* EXERCISE DIRECTIONS *
Give the data again exactly, without images.

* GIVEN DATA *
════════════════

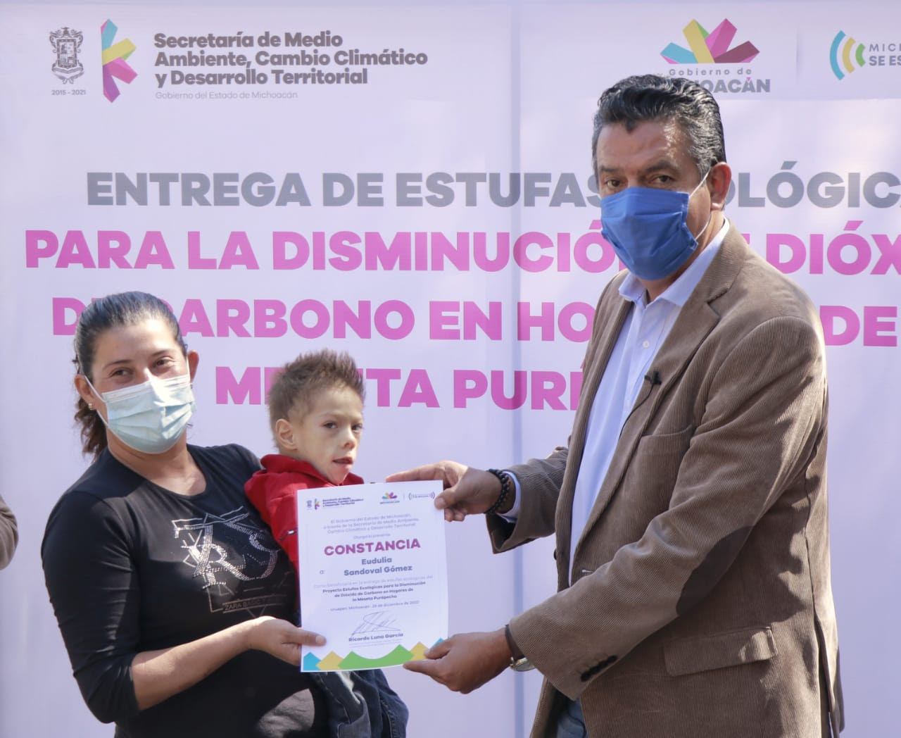 Uruapan, Michoacán, a 29 de diciembre de 2020.- Tras detectar que en las zonas urbanas ubicadas en la periferia de Uruapan aún hay colonias donde las familias cocinan con fogones tradicionales, la Secretaría de Medio Ambiente, Cambio Climático y Desarrollo Territorial, Semaccdet, entregó 8 estufas ecológicas, como parte del segundo ciclo de donaciones que se hicieron a las comunidades de la Meseta Purépecha.
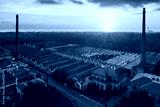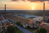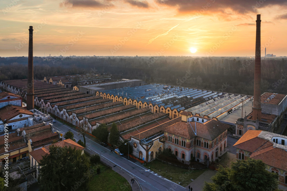 Aerial view of historic worker village of Crespi d'Adda during sunset, Lombardy, Italy
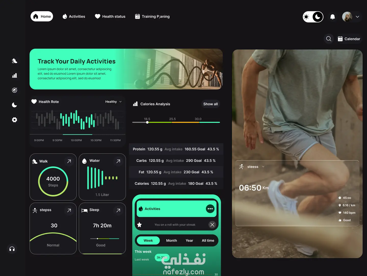 في هذا المشروع قمت بتصميم واجهة Dashboard لتطبيق لياقة بدنية تساعد المستخدم على متابعة نشاطه الصحي اليومي مثل عدد الخطوات والسعرات الحرارية ومعدل ضربات القلب والنوم واستهلاك الماء.

════════════════

* SOLUTION *
 Uruapan, Michoacán, a 29 de diciembre de 2020.- Tras detectar que en las zonas urbanas ubicadas en la periferia de Uruapan aún hay colonias donde las familias cocinan con fogones tradicionales, la Secretaría de Medio Ambiente, Cambio Climático y Desarrollo Territorial, Semaccdet, entregó 8 estufas ecológicas, como parte del segundo ciclo de donaciones que se hicieron a las comunidades de la Meseta Purépecha.
 Aerial view of historic worker village of Crespi d'Adda during sunset, Lombardy, Italy
 في هذا المشروع قمت بتصميم واجهة Dashboard لتطبيق لياقة بدنية تساعد المستخدم على متابعة نشاطه الصحي اليومي مثل عدد الخطوات والسعرات الحرارية ومعدل ضربات القلب والنوم واستهلاك الماء.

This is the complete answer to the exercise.